Enzo Life Sciences’ ROS-ID® Hypoxia/Oxidative stress detection kit is designed for functional detection of hypoxia and oxidative stress levels in live cells (both suspension and adherent) using fluorescent microscopy or flow cytometry. This kit includes fluorogenic probes for hypoxia (red) and for oxidative stress levels (green) as two major components.
The Hypoxia (Red) dye takes advantage of the nitroreductase activity present in hypoxic cells by converting the Nitro group to hydroxylamine (NHOH) and amino (NH2) and releasing the fluorescent probe.

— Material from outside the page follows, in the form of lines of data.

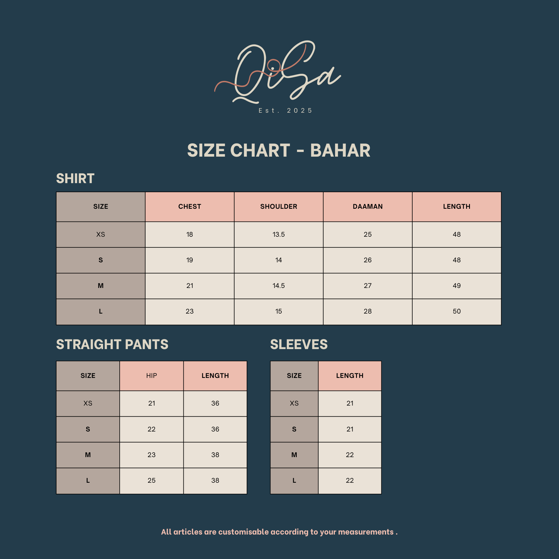 *All outfits can be customised to your required size.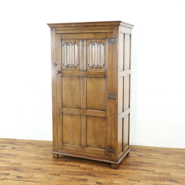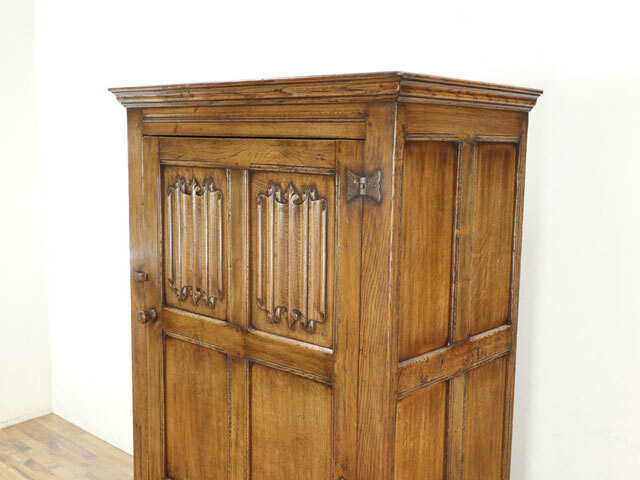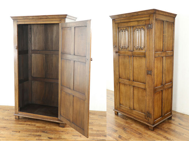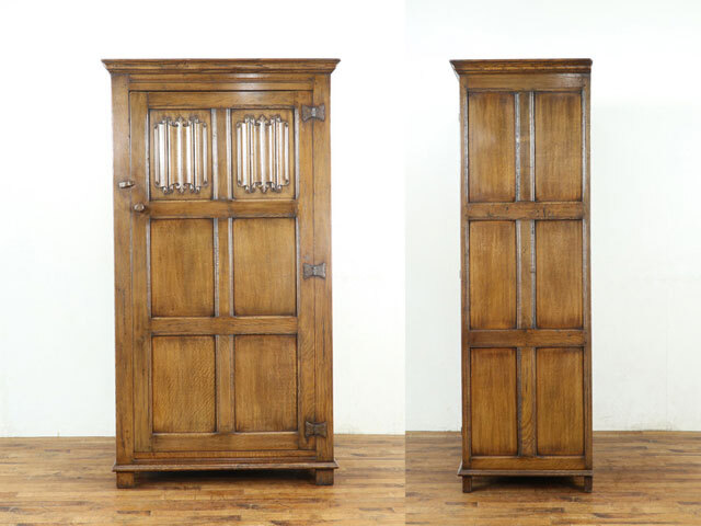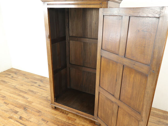 幅99×奥60×高178.5cm ワードローブ 1枚扉 奥行きのあるサイズ リネンフォールド 衣類収納 かっこいい雰囲気 イギリス家具 59656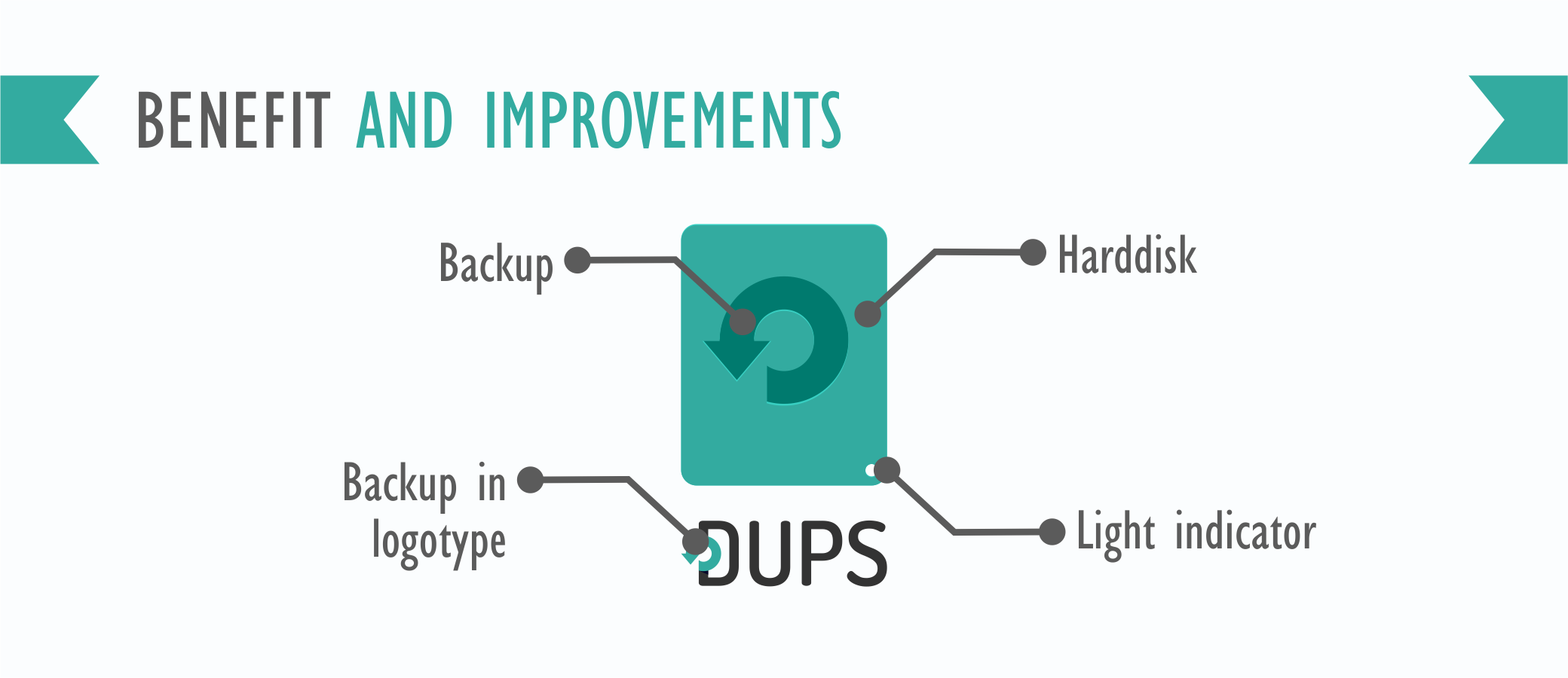 This new Dups's logo was inspired by a top front view harddisk in flat design with some enhancement. The project owner wants to make their logo looks like the paper icon theme. So I made a simple rectangle with backup icon and a status indicator dot to represent backup harddisk. The logomark will combined with the simple logotype that included backup sign in it's D font. This new logo will look simple, light, and the logotype will make differences with other competitors.

The Oxidative Stress Detection Reagent is a non-fluorescent, cell-permeable total ROS detection dye which reacts directly with a wide range of reactive species. The generated fluorescent products can be visualized using a wide-field fluorescence microscope equipped with standard fluorescein (490/525 nm) and Texas Red (596/670 nm) filters, confocal microscopy, or cytometrically using any flow cytometer equipped with a blue (488 nm) laser.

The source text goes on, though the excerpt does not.